While I wouldn't consider anime to be exclusively dominant, it's going to be way, way up there. You'd also have influences from major video games of the period where they were growing up: shooters (DOOM, Unreal, TF, HL), action-adventure (Zelda, Dragon Quest), platformer (Mario, Portal), "Metroidvania" (exactly what it says on the tin), single-player RPGs (Mario again, Golden Sun, Final Fantasy, Planescape: Torment, Deus Ex), and last but not least, early-generation MMOs (UO, EQ, WoW, SWG, FFXI, etc.)

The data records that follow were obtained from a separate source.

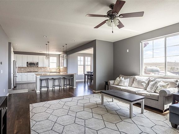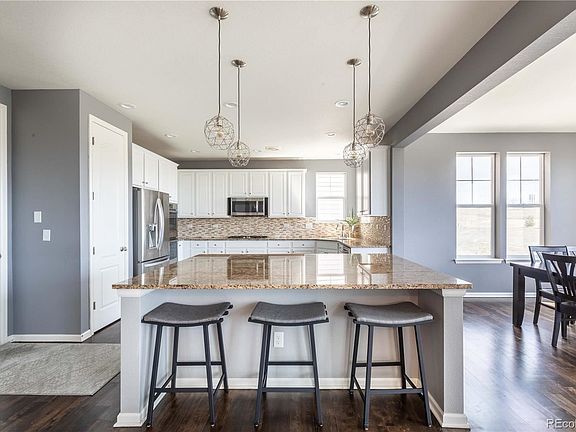 Upgraded lot that backs to open space. Amazing Mountain Views gorgeous home in the Award Winning Anthem Neighborhood. 6 bedrooms, 4 baths, large Loft with closet, plenty of storage, Main floor Study w/French doors, Gourmet Kitchen w/BIG island & Pendent lights, Granite Slab counter-tops, back splash, Upgraded cabinets w/molding, Pantry, stainless steel appliances double oven, Gas Cook- top, Dishwasher & Microwave Oven, 8ft doors, Family room w/Pre-wired surround sound, Upgraded Hardwood floors, Fireplace, Upstairs Laundry, tile floors in all bathrooms, Master bedroom w/ views and coffered ceilings, 5-piece Masters Bath w/ granite countertops, Upgraded plumbing & hardware fixtures, Central air conditioning. Finished walkout basement, large deck. All south facing windows on 1st and 2nd level have energy efficient window tinting and it keeps the home cooler and more energy efficient in the summer months.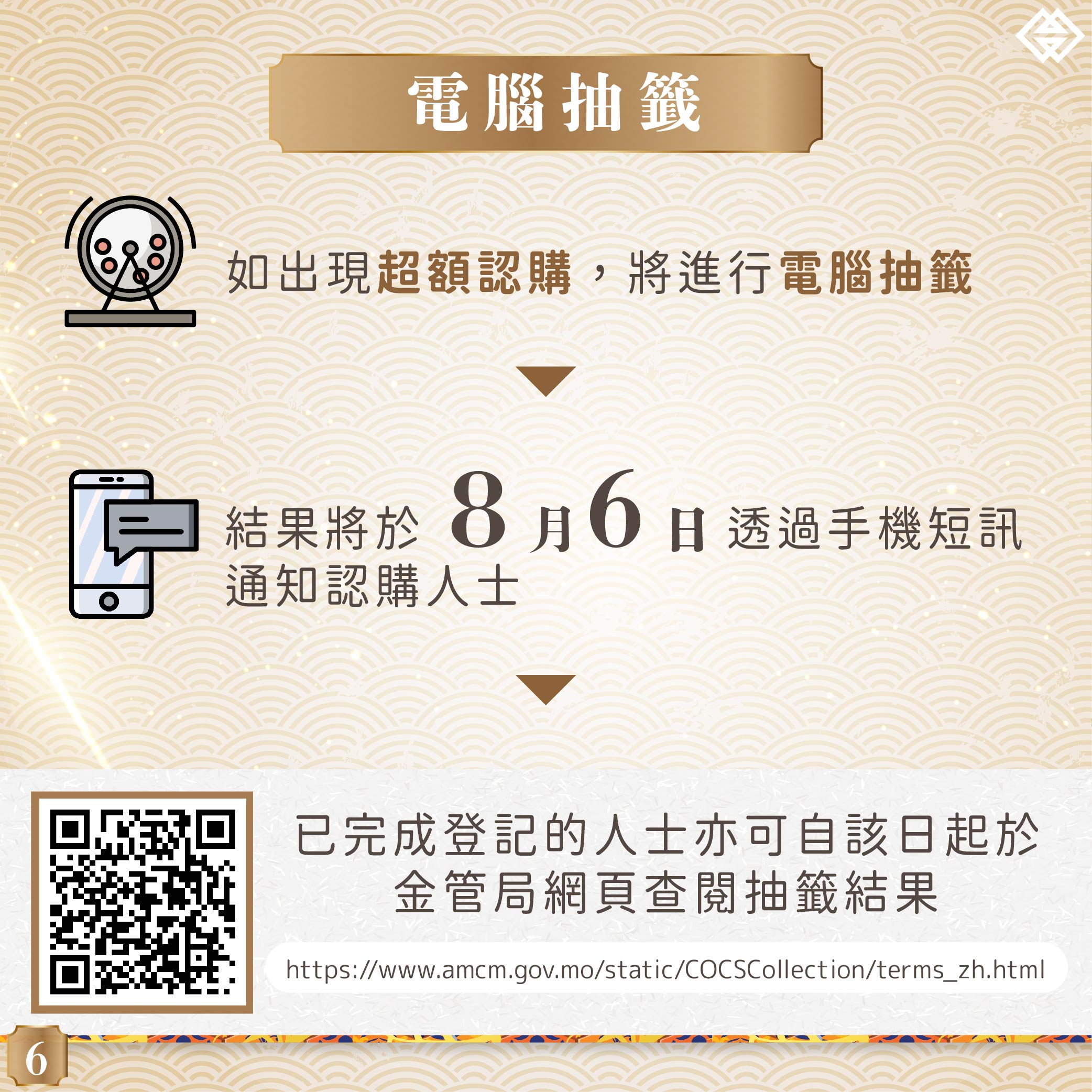 倘出現超額認購,將進行電腦抽籤。抽籤結果將於8月6日透過手機短訊通知,已完成登記之人士亦可自該日起於金管局網頁(https://www.amcm.gov.mo/static/COCSCollection/terms_zh.html)查閱抽籤結果。如有任何疑問,可致電金管局專線2856 5071查詢,或瀏覽金管局網頁。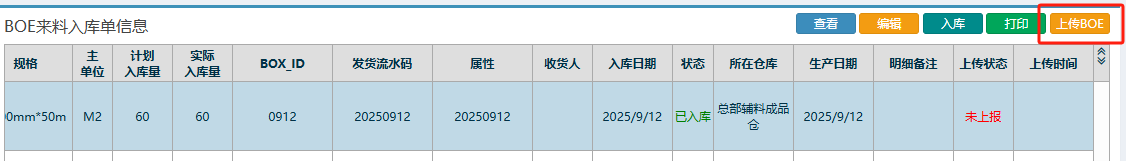 6.进入入库界面后,查询对应的BOE组件来料单,如果找不到可以通过编号和名称查找。最后点击查询。 同时有需要的话可以在下方勾选自己想要的显示选项。 ![]() 7.查询到对应订单之后,按图操作:先进行入库,再上传BOE。 ![]()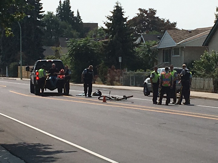 A man has been injured in a collision involving a bicycle and a pick-up truck in Kelowna.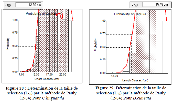 Les figures 28 et 29, représentant les variations de la probabilité (P) en fonction des centres de classe de tailles (Li), permettent d’estimer graphiquement la taille de sélection Lc, correspondant à l’abscisse au point d’ordonnée 50%. La taille moyenne de première capture déterminée ainsi est de 12.30cm pour C. linguatula pour des longueurs extrêmes allant de 8 à 27cm, elle est relative à un groupe d’âge moyen de première capture égale à 2.02 ans environ, chez D. cuneata, la taille de sélection est de 15.48cm à un âge de 1.56 ans.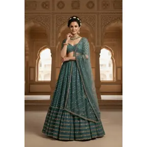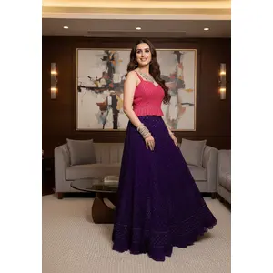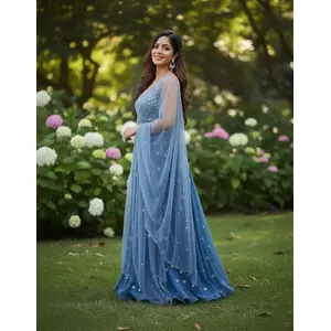 Blue Embroidered Georgette Lehenga Set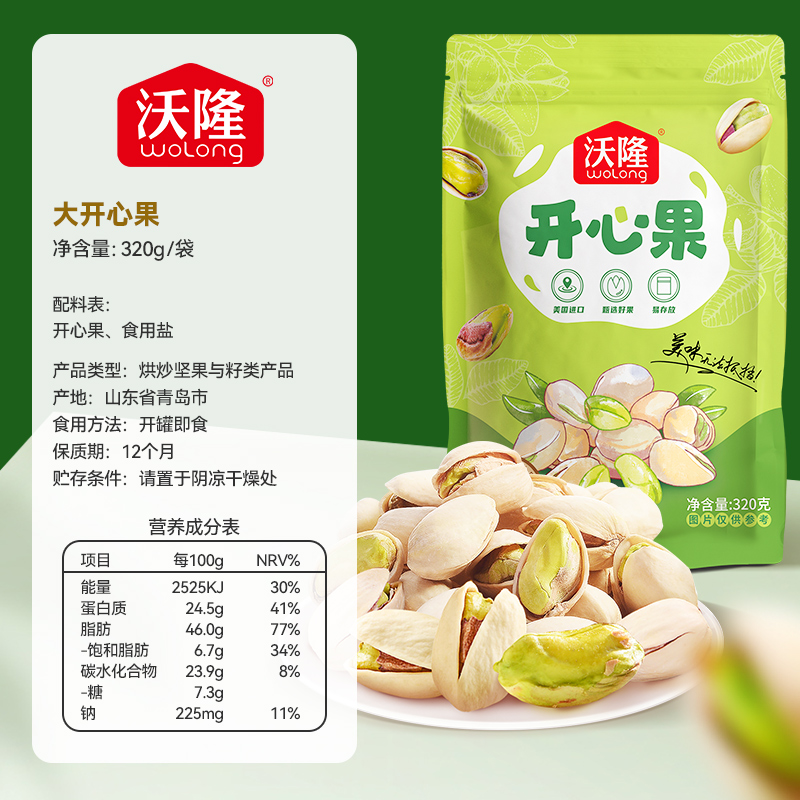 原色原香坚果健康营养零食 沃隆开心果320g2袋装 双11抢先付定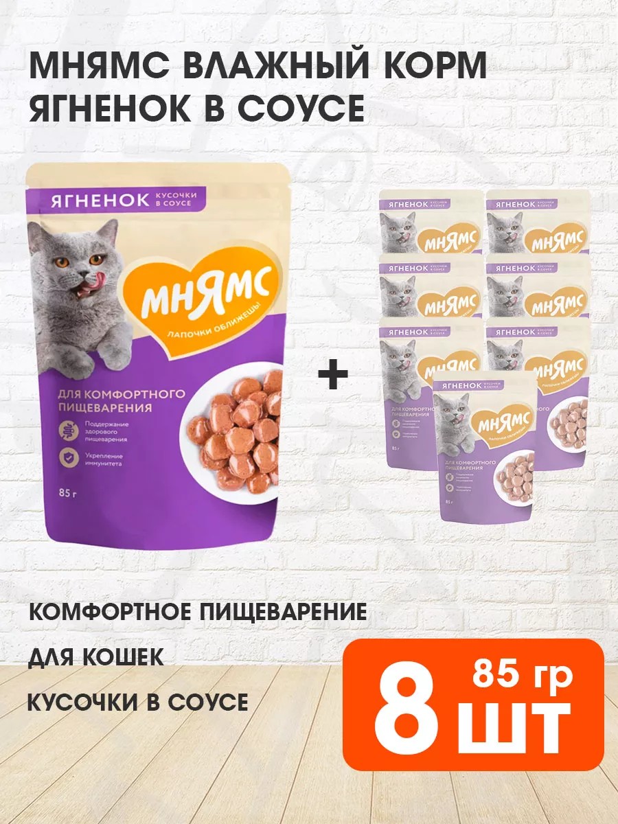 Корм Мнямс для кошек влажный - полнорационный функциональный влажный корм Мнямс для взрослых кошек для комфортного пищеварения с ягненком в соусе.

Hell, I'd even argue that much more recent things like Minecraft should be thrown in there as well, but those are new enough that they might not be considered "formative" for even young millennials (who were generally adults when Minecraft finally, officially launched.)
So, first, not all media is going to influence a fantasy game. I’m an elder Millennial, I remember the shooter called Heretic.

beyond that, I think that it’s likely that older millenials would be open to anime influence, but IME my Gen takes more old and over the top anime a lot less seriously than newer or more serious anime. Probably in part because of how awful a lot of early dubs were.

But there isn’t any weird baggage of that type with something like The Last Unicorn. I’ve never seen anyone make excuses for it.

But yeah sure we can add fantasy anime, no worries.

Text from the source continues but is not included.